Eye movement desensitization and reprocessing (EMDR) is a form of psychotherapy to resolve the development of trauma-related disorders caused by exposure to distressing events such as rape or military combat. When a traumatic or distressing experience occurs, it may overwhelm usual cognitive and neurological coping mechanisms. The memory and associated stimuli of the event are inadequately processed, and are dysfunctionally stored in an isolated memory network.

The goal of EMDR therapy is to process these distressing memories, reducing their lingering influence and allowing developing more adaptive coping mechanisms. 


Although EMDR may be used for other problems, its research support is primarily for disorders stemming from distressing life experiences, such as post-traumatic stress disorder.


EMDR integrates elements of effective psychodynamic, imaginal exposure, cognitive therapy, interpersonal, experiential, physiological and somatic therapies. Distinguishing EMDR from other therapies, however, is the unique element of bilateral stimulation EMDR uses a structured approach to address the past, present, and future aspects of a traumatic or distressing memory that has been dysfunctionally stored.


During the processing phases of EMDR, focus on disturbing memory in multiple brief sets of about 15–30 seconds. Simultaneously, focus on the dual attention stimulus. Following each set of such dual attention, question is asked what associative information was elicited during the procedure. This new material usually becomes the focus of the next set.

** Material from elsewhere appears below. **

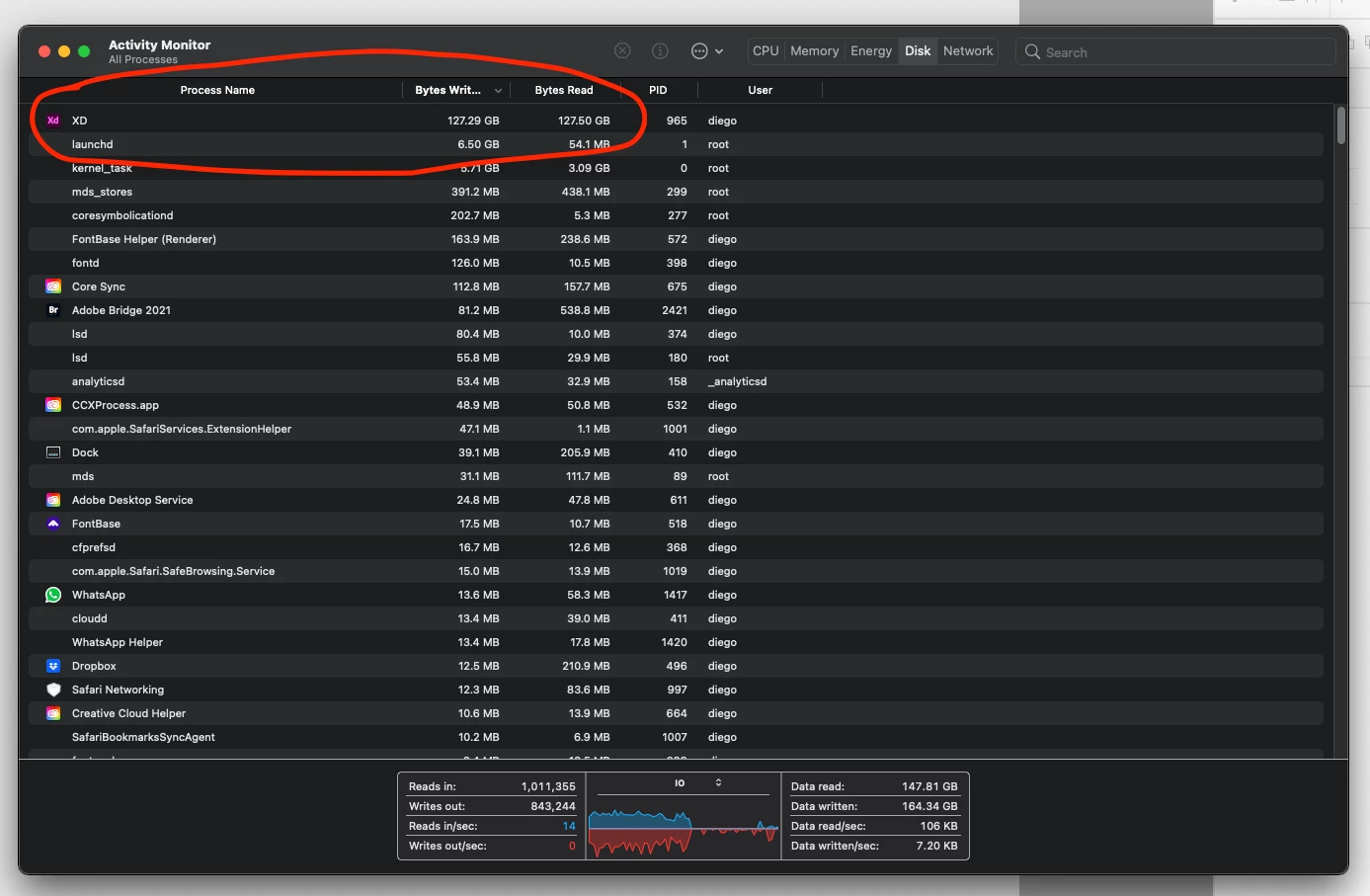 XD is filling up all my Hard Disk space with a single open document with only , is realy annoying me since i can't even save my files, my computer literally freezes because of XD extensively use of hard disk space.

This process of alternating dual attention and personal association is repeated many times during the session. When traumatic memory networks are activated, re-experiencing aspects of the original event, often resulting in inappropriate overreactions.


This explains why people who have experienced or witnessed a traumatic incident may have recurring sensory flashbacks, thoughts, beliefs, or dreams. An unprocessed memory of a traumatic event can retain high levels of sensory and emotional intensity, even though many years may have passed.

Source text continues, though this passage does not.